Os irmãos João e Maria viviam com sua mãe e estavam desempregados, com dificuldade de pagar o aluguel da casa em que moravam. Mas, de repente tudo mudou. Ele, professor de educação física, conseguiu emprego numa academia como personal trainer e ela numa loja. Foi bem no mês anterior ao dia das mães. Agradecendo aos céus, compraram um bonito presente para ela e no domingo do dia das mães levaram-na para almoçar fora, o que não conseguiam fazer já há alguns anos.

Comeram num bom restaurante italiano. O prato foi talharini ao pesto e como bebidas água e suco. Quando voltavam para casa foram parados numa blitz policial, como se bandidos fossem. João que dirigia o veículo foi retirado do carro e seguiu-se o seguinte diálogo entre ele e o policial que o abordou.

-- O senhor tem de fazer o teste do bafômetro.
-- Porque? -- perguntou ele, surpreso.
-- Porque sim --
-- Mas eu estava almoçando com minha mãe. Está vendo ali. Aquela é minha mãe...
-- Venha, o senhor tem de fazer o teste.
-- Acho que o senhor não está entendendo. Eu não bebi nada. Só suco de laranja. Aliás, eu não tomo bebida alcoólica. Sou professor de educação física e atleta. Eu não bebo.
-- Isso não interessa.
-- Como não interessa? Olhe para mim. Parece que bebi? Vai. Veja. Aposto que o senhor não consegue ficar tanto tempo em pé numa perna só como eu. Quer apostar?
-- Pare. O senhor está desacatando autoridade.
-- Como? Que absurdo. É o senhor que quer que eu assopre esse negócio, mas eu nem bebi.
-- Se o senhor não fizer o teste vai ser preso
-- Preso? Preso porque? Qual crime eu estou cometendo?


Muito bem. Como João era um homem de princípios não cedeu e acabou preso.

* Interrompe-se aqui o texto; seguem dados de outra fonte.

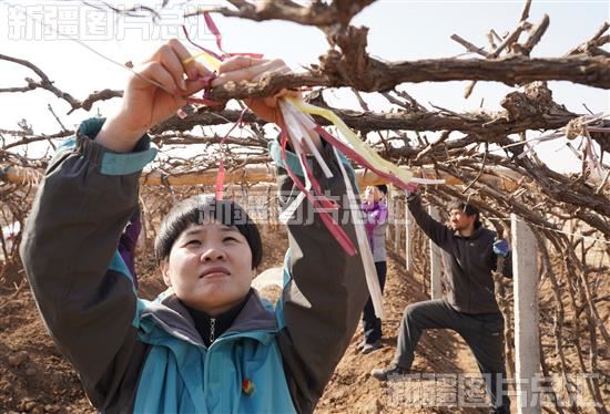 2024年2月29日,鄯善县鲁克沁镇赛尔克甫村村民固定葡萄藤。

Vendo a prisão do filho, sua mãe desmaiou e teve de ser levada às pressas para o hospital. Maria colocou a mãe no banco de trás. Ela balbuciava alguma coisa. Maria dirigiu às pressas para um Pronto Socorro. Quando parou numa esquina, mais ou menos três quarteirões à frente da batida policial, dois jovens de aproximaram apontando uma arma e exigindo que ela entregasse a bolsa e a chave do carro. Ela, então, em prantos mostrou a mãe passando mal no banco de trás. Os bandidos viram a cena e resolveram levar apenas o dinheiro que Maria portava.

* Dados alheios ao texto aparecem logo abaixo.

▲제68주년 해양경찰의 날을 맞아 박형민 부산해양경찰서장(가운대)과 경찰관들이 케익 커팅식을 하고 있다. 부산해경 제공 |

Pergunto: onde estava a polícia nessa hora?

Você já sabe: parando cidadãos de bem que, depois de uma semana de trabalho para pagar impostos, saíram para almoçar com suas mães e talvez tenham bebido uma cervejinha ou não.

A mãe acabou sendo medicada e, após pagar fiança, o irmão foi solto.

Na semana seguinte, o prédio em que viviam foi invadido por dez homens bem armados que fizeram um “arrastão” no prédio e lá ficaram por duas horas roubando tudo dos apartamentos.

Pergunto a você: onde estava a polícia?

Provavelmente, obrigando idosos com setenta anos o colocarem suas bocas em algum aparelho medidor. Idosos, que depois de cumprirem suas obrigações como pessoas de bem anos à fio neste país, que atravessou uma terrível ditadura e que finalmente havia chegado à democracia, após terem saído para jantar com amigos como sempre fizerem por muitos anos sem causar nenhum dano a quem quer que seja, eram violados sem qualquer suspeita ou dado objetivo, como se bandidos fossem.

Tudo isso seria irônico se na fosse trágico e realmente possível de acontecer. Deixo a ironia para os bandidos que, no dia das mães, ficariam com dó daquela mãe doente no banco de trás do carro. É sempre bom lembrar que até bandido tem mãe. Mas, o respeito a elas não é oferecido por todos, como se pôde constatar no último dia das mães na cidade de São Paulo.

Mais uma vez, sou obrigado a voltar ao assunto da Lei Seca, que, como os dados objetivos e estatísticos mostram servem apenas para violar e constranger pessoas de bem. Os bêbados, ora os bêbados, esses continuam a fazer estragos em todos os cantos da cidade e do país.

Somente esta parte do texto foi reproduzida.